### [Your task]
From the entries below, reproduce exactly the lines from the one with "Por otro lado" through the one with "Note: When customers", both included, without images.

### [Dataset content]
--*--

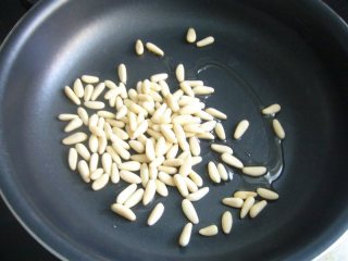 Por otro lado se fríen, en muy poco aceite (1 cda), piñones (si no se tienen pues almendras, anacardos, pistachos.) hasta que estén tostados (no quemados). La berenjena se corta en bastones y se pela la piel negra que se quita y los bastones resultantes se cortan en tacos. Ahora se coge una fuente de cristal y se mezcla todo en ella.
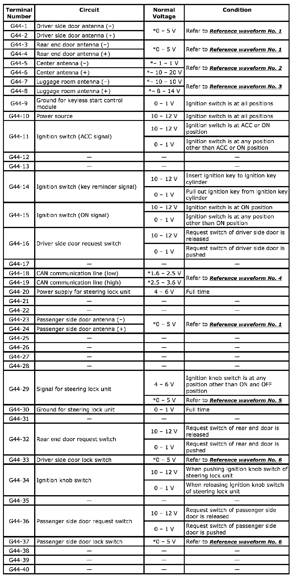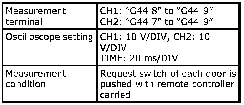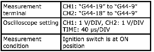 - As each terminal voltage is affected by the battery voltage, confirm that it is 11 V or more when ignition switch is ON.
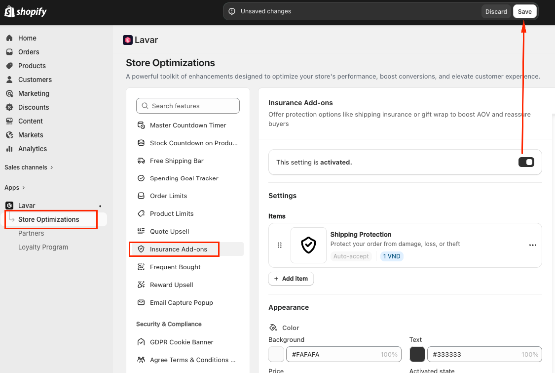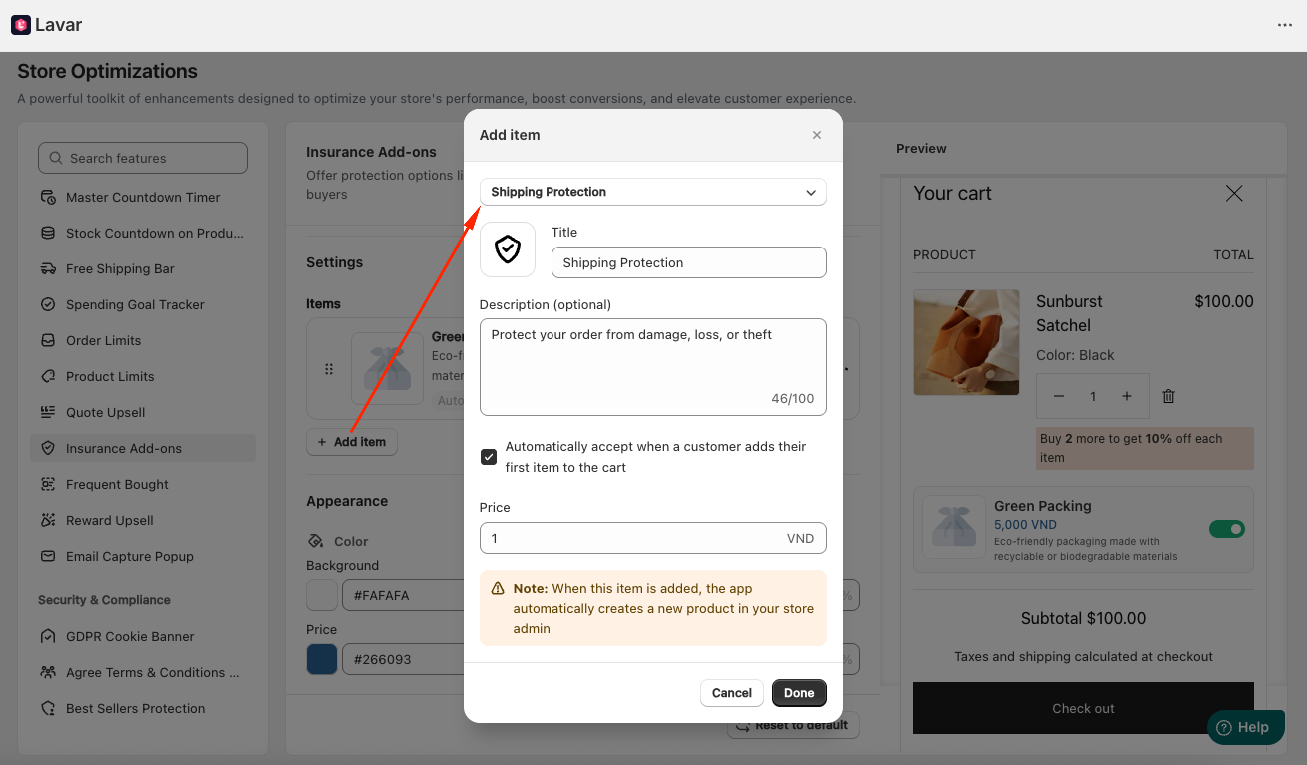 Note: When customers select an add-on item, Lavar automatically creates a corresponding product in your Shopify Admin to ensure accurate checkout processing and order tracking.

--*--

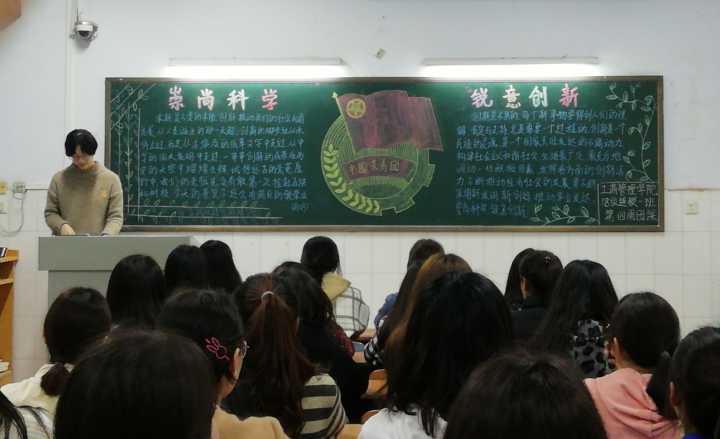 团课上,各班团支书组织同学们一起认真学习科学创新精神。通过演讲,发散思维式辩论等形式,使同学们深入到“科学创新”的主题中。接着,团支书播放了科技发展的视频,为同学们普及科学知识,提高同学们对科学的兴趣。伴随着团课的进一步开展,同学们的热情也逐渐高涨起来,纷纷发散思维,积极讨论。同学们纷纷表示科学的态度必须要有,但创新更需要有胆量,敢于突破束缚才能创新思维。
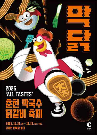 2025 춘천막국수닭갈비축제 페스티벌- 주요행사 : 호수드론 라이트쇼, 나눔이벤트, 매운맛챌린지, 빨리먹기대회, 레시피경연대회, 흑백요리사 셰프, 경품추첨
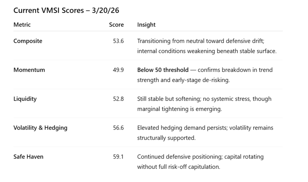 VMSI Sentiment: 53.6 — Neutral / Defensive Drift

--*--

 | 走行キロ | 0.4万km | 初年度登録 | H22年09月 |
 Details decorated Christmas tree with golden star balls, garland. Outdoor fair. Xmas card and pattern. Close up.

--*--

### [The answer]
 Por otro lado se fríen, en muy poco aceite (1 cda), piñones (si no se tienen pues almendras, anacardos, pistachos.) hasta que estén tostados (no quemados). La berenjena se corta en bastones y se pela la piel negra que se quita y los bastones resultantes se cortan en tacos. Ahora se coge una fuente de cristal y se mezcla todo en ella.
 - As each terminal voltage is affected by the battery voltage, confirm that it is 11 V or more when ignition switch is ON.
 Note: When customers select an add-on item, Lavar automatically creates a corresponding product in your Shopify Admin to ensure accurate checkout processing and order tracking.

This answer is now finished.